The novel's impact quickly spread; a stage adaptation followed within a few years. Of course, film versions later carried the story to wider audiences, with the 1931 production fixing the creature's image in popular culture. The novel became a foundation for science fiction and a lasting warning about the reach of human invention.
And just as Hollywood cherry-picked from Mary Shelley to cement its version of her story, she had borrowed from historical and Biblical stories to create her own message and mythology. The subtitle of the novel, "The Modern Prometheus", recalls the figure of ancient Greek and Latin myth who variously steals fire from the gods and gives it to man, and represents the dangers of overreaching.
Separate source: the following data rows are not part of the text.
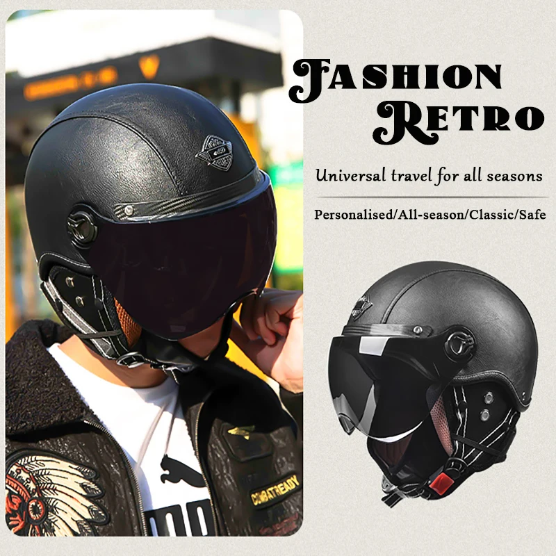 Le casque moto rétro AD s’adresse aux motards et scootéristes qui recherchent un équipement au look vintage sans renoncer à l’essentiel du confort et de la protection. Inspiré des casques rétro emblématiques, il affiche une silhouette sobre et élégante, parfaitement adaptée aux motos néo-rétro, aux scooters urbains et aux préparations personnalisées.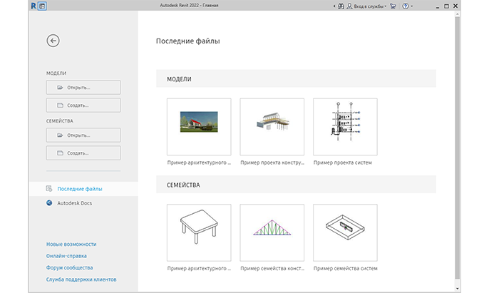 Обновления главной страницы Revit обеспечивают единообразие при работе с учетной записью Autodesk Docs и навигации по проектам в различных программах Autodesk, например Revit и Civil 3D.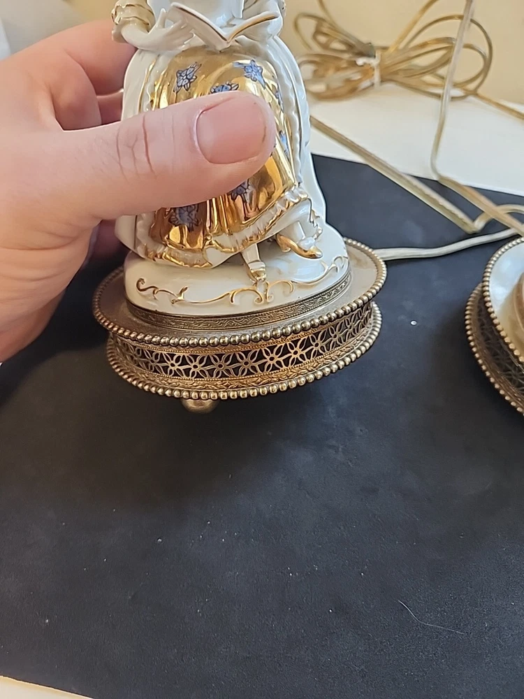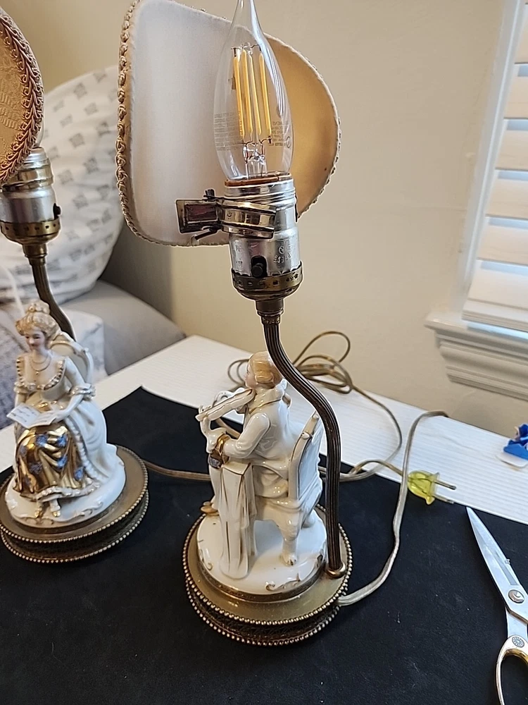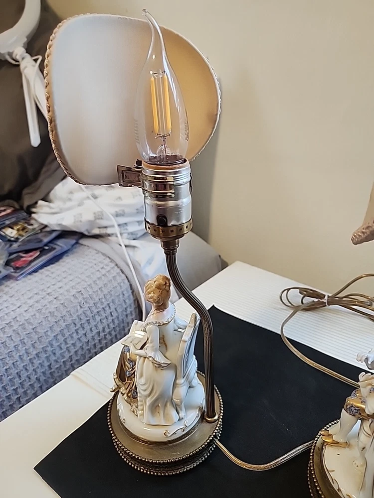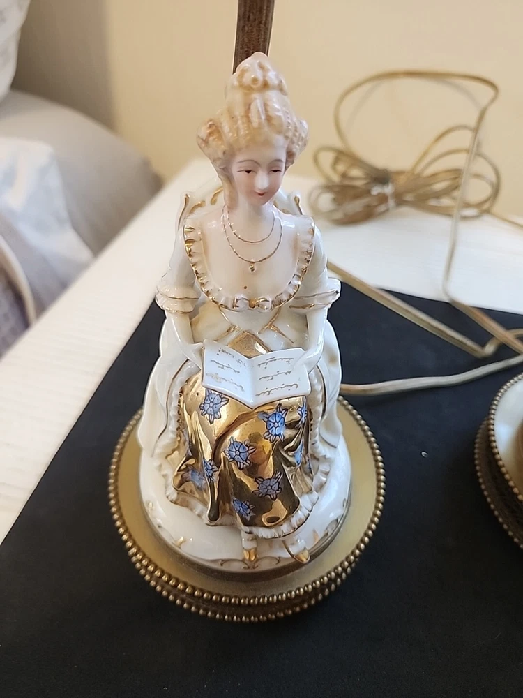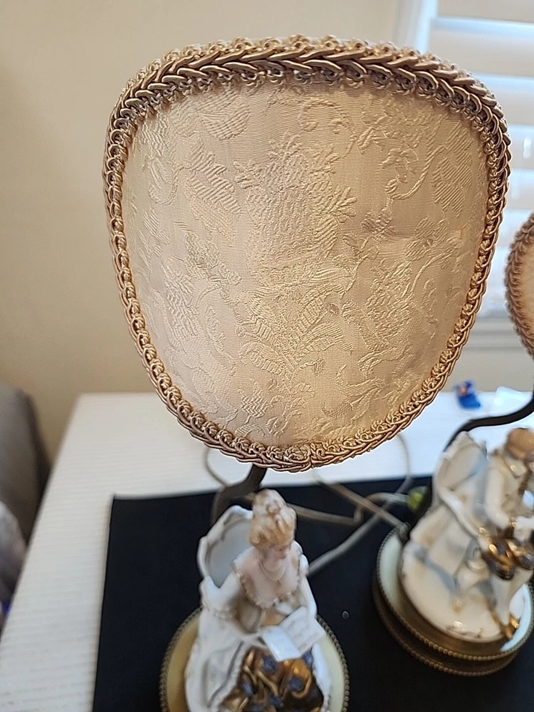 This vintage table lamp set is a stunning and rare find from the early 1900s. The design features a theatre theme, making it a unique addition to any collection. The lamp is perfect for those who appreciate the craftsmanship of the past and desire a one-of-a-kind piece in their home décor. The lamp set is a great conversation starter and will surely be a highlight in any room.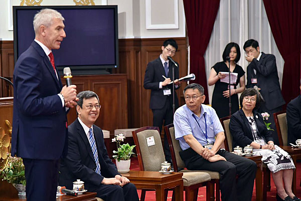 The FISU President with from left to right: Chen Chien-Jen, Vice President of Chinese Taipei, Ko Wen-je, Taipei City Mayor, SU Li-Chiung, CEO of the Taipei Universiade Organising Committee (TUOC)

The novel's other great allusion is to God and Adam, and a quote from Paradise Lost appears in the book's epigraph: "Did I request thee, Maker, from my clay / To mould me man?". It is arguably the creature's humanity – and his tragedy – that in his cinematic transformations into a mute but terrifying monster, has often been forgotten.
Galvani never set out to inspire a novel; he didn't chase fame or legend; he followed a question about how the body worked and recorded what he saw. Yet one twitch of a frog's leg traveled across time and found its way into a writer's imagination.
That single spark turned an experiment into something far greater. It moved from a quiet lab in Bologna to a storm-filled villa in Switzerland, and from there into a story that still lives today.
Ordinary moments regularly pass without notice. Then one arrives that carries a spark strong enough to light something that never fades.